Spring Soup — Spinach, Garlic & Lemon Detox Soup — Cozy, Reliable, Weeknight-Ready

Quick Facts

Time: 20 minutes • Yield: 4 bowls • Skill: Beginner • Method: One-pot simmer & blend • Diet: Vegetarian, GF, DF-friendly

Introduction

Spring Soup means bright flavor, light texture, and dinner that doesn’t weigh you down. This Spinach, Garlic & Lemon Detox Soup leans on pantry staples—stock, greens, garlic, a squeeze of citrus—to deliver a clean, emerald bowl in minutes. The flavor is lemon-forward and herby with soft garlic warmth; the texture is smooth and velvety, the kind of soup that’s equally at home in your Sunday Soup routine or your weeknight dash. It slots right into Spring Vegetable Soup planning and your collection of Vegetarian Soups, especially when you need Spring Soups Recipes that feel fresh but familiar. Keep it simple, or dress it up with a yogurt swirl and a pinch of chili.

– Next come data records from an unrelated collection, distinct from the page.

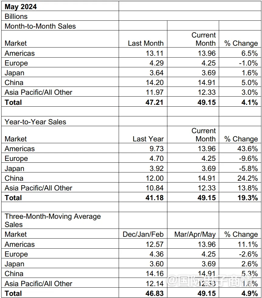 按地区划分,美洲市场5月半导体销售额表现最突出,较去年同期成长高达43.6%;中国、亚太/所有其他地区也分别较去年同期增加24.2%、13.8%;日本和欧洲则分别减少5.8%、9.6%。
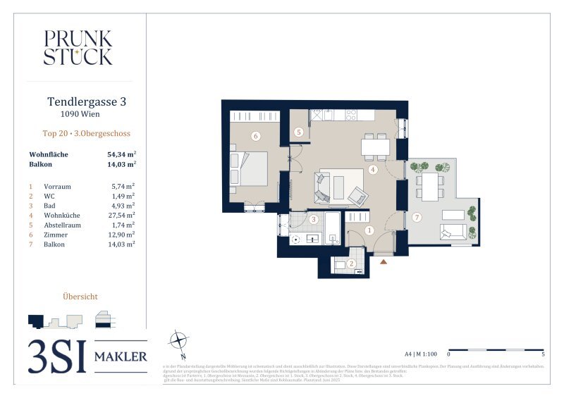 Der einladende Vorraum (ca. 5,74 m²) bildet das Herzstück der Wohnung und führt in alle Wohnbereiche. Das separate WC sowie das geschmackvoll ausgestattete Badezimmer (ca. 4,93 m²) bieten angenehmen Komfort im Alltag. Ein praktischer Abstellraum schafft zusätzlichen Stauraum.
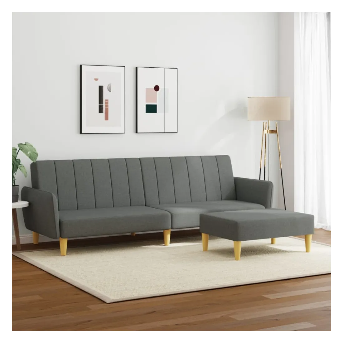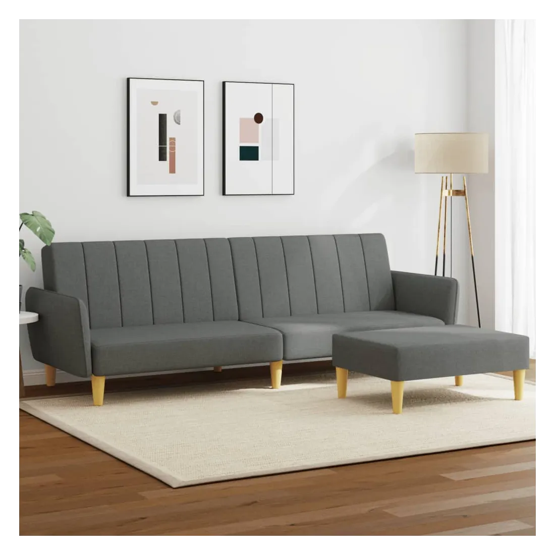 Ce canapé-lit avec repose-pied est une solution parfaite pour accueillir des invités pour la nuit tout en offrant un espace confortable pour s'asseoir pendant la journée. Matériau durable : le tissu présente un aspect simple et épuré, et il est respirant et durable.Dossier réglable : vous pouvez pousser les deux coussins de dossier séparés partiellement ou complètement vers le bas pour créer un endroit idéal pour une sieste ou un lit double.Cadre robuste et stable : le cadre en bois du canapé-lit assure robustesse et stabilité.Confort supplémentaire : ce repose-pied est adapté pour y mettre vos pieds en fin de journée ou pour vous offrir un siège supplémentaire dans votre salon ou votre entrée principale.
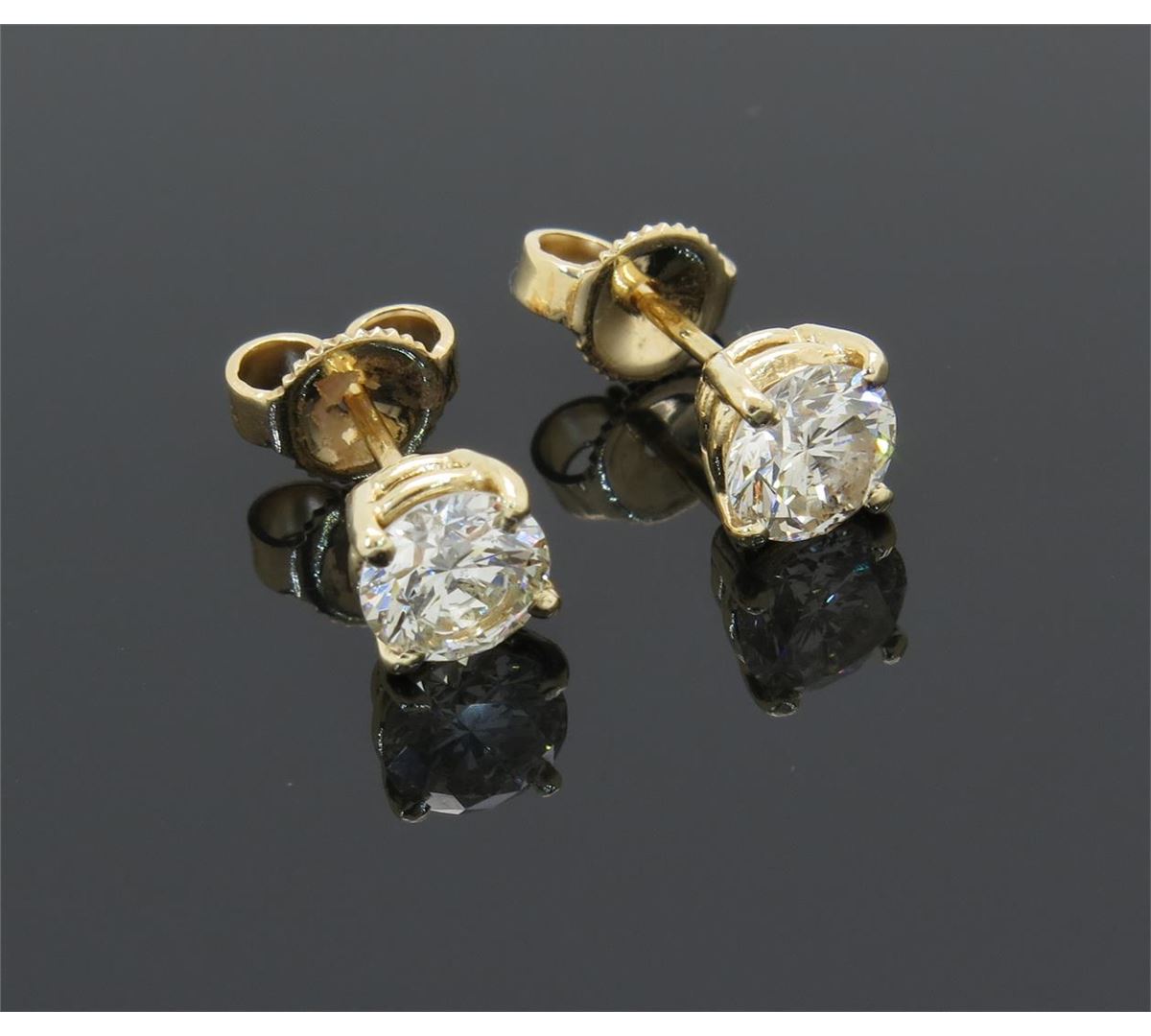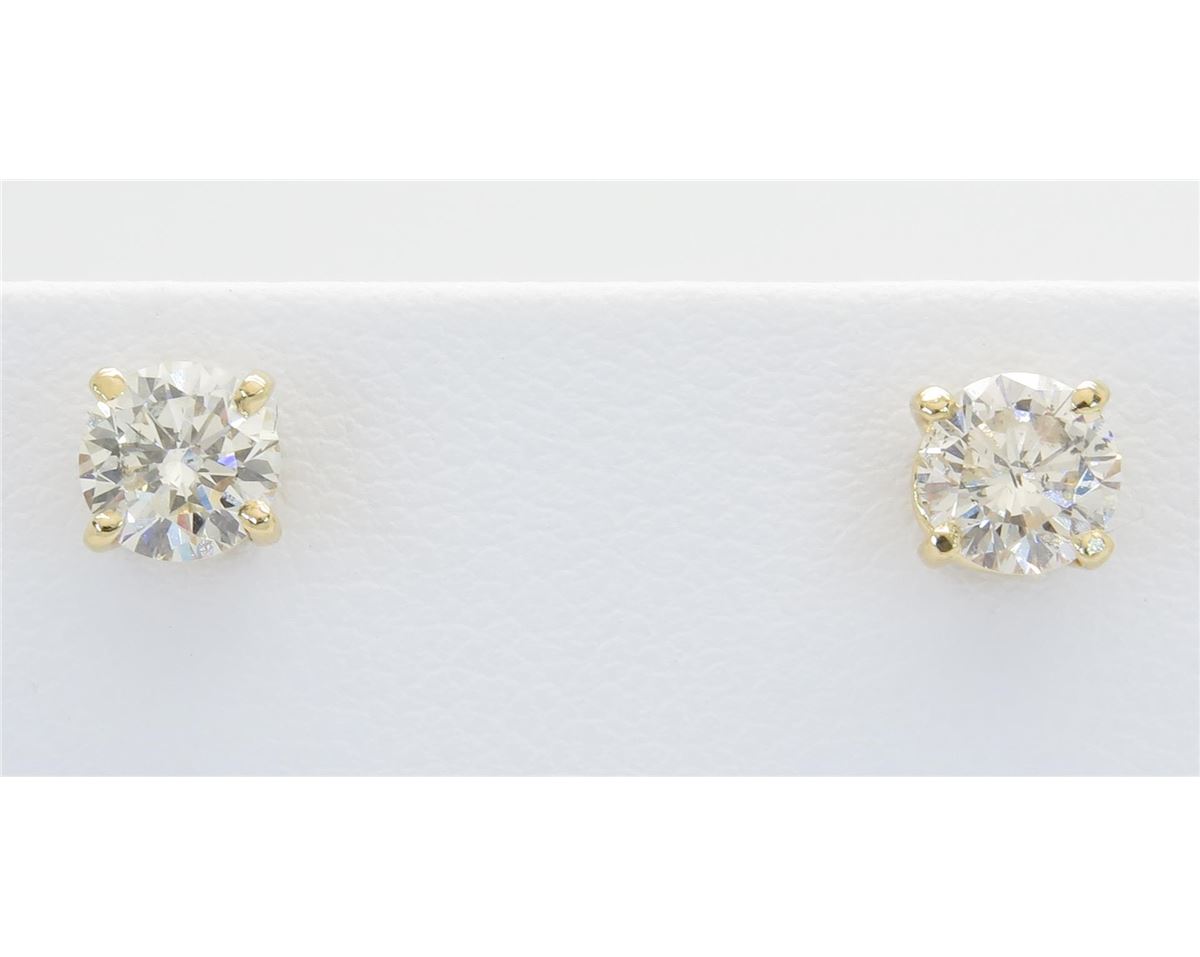 One tested 14K yellow gold pair of diamond earrings. Containing: Two Round Brilliant Cut Diamonds. Clarity: SI2-I1, Color: I-J. Approximate total diamond weight: 1.00CTW. Diamonds are graded in the mounting, unless otherwise stated. Weight: 1.2 grams.

For a full lineup of light, lemon-forward bowls, check out my Spring Soup Recipes.

Why You’ll Love It

  • Weeknight-easy: Straightforward steps; done in 20.
  • Flexible: Works with fresh or frozen spinach.
  • Balanced flavor: Acid + savor + subtle heat if you like.
  • Great leftovers: Stays vibrant and reheats smoothly.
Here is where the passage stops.